Jordan Weissmann of the Atlantic claims to upend this narrative by showing that graduate students in the science face increasing dim employment opportunities, too. Biology, physics, and chemistry PhDs are more likely to be unemployed than employed upon graduation, and engineering PhDs are only slightly more likely to be employed. This indicates to him that the United States has a "scientist surplus," contrary to the lamentations of politicians and industry who decry Americans' lack of practical scientific skills

His analysis, however, is somewhat incomplete. He does not draw our attention to the data in his own graphs showing that most biology, physics, and chemistry PhDs enroll in post-doctoral positions rather than start work after graduation. Since post-doctoral appointments are often a prerequisite to later advancement--and, in some cases, tenure-track positions--there is little reason to believe that the bulk of science PhDs take these positions because they have no other options. If we consider graduates who obtain post-docs upon graduation "successful," then the figure of "unsuccessful" PhDs becomes less impressive.         

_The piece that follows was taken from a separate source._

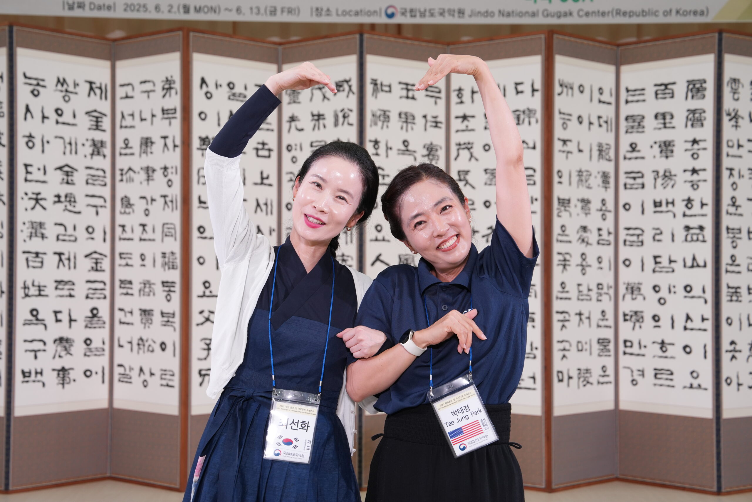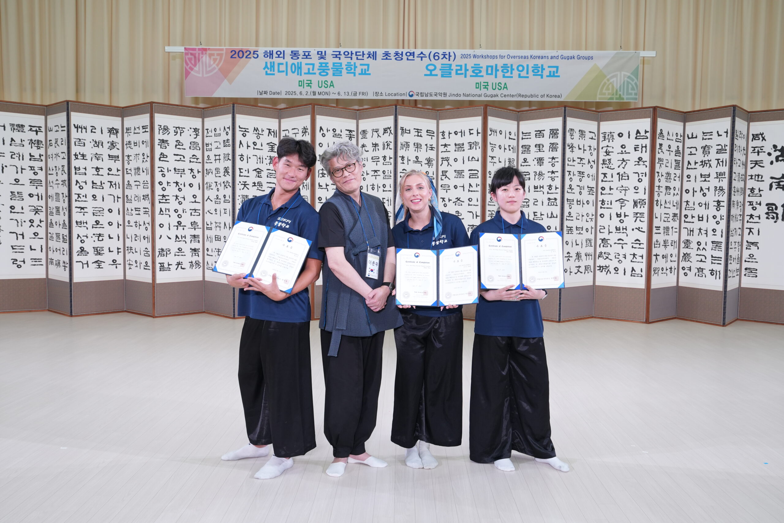 2025년 6월, 문화강국-대한민국! 경제대국-선진 대한민국!의 따뜻하고 자애로운 품격으로 해외동포 국악단체들을 지원하기위해 훌륭한 선생님들과 알찬 프로그램, 막강 대한민국의 국격을 느낄 수 있는 최상의 편의시설! 대한민국 문화관광부! 국립남도국악원 박정경원장님, 신성웅장악과장님, 정보영선생님, 이준우선생님, 문가영선생님, 최선화선생님 그리고 항상 맛나고 ‘정’이 넘쳐나는 고국의 인심을 전해주신 ‘식당&카페테리아’ 담당자님들께 머리숙여 마음깊은 감사의 말 씀 올립니다! 고맙습니다! 가르쳐주시고 전해주신 ‘문화강국-대한민국!’ ‘선진조국-대한민국!’ 잊지않고 더욱 열심히 배우고 익혀서 우리가 두발딛고 사는 샌디에고/엘에이, 캘리포니아, 미국에서 대한민국의 품격을 알리는모범시민이 되도록하겠습니다. 잊지않겠습니다! 고맙습니다!

Regardless, we still find that the percentages of unemployed life sciences and physical sciences PhDs at graduation are around 37 and 31 percent, respectively. Weissmann is therefore correct to point out that the job outlook for science graduate students is not as rosy as many make it out to be. However, he does not carry his argument to its logical extension. Indeed, if prospects for scientists are as bad as he makes it, perhaps are our universities are graduating too many science PhDs. If this conclusion is accurate, we'll need to consider ways to make federal spending on scientific training more effective.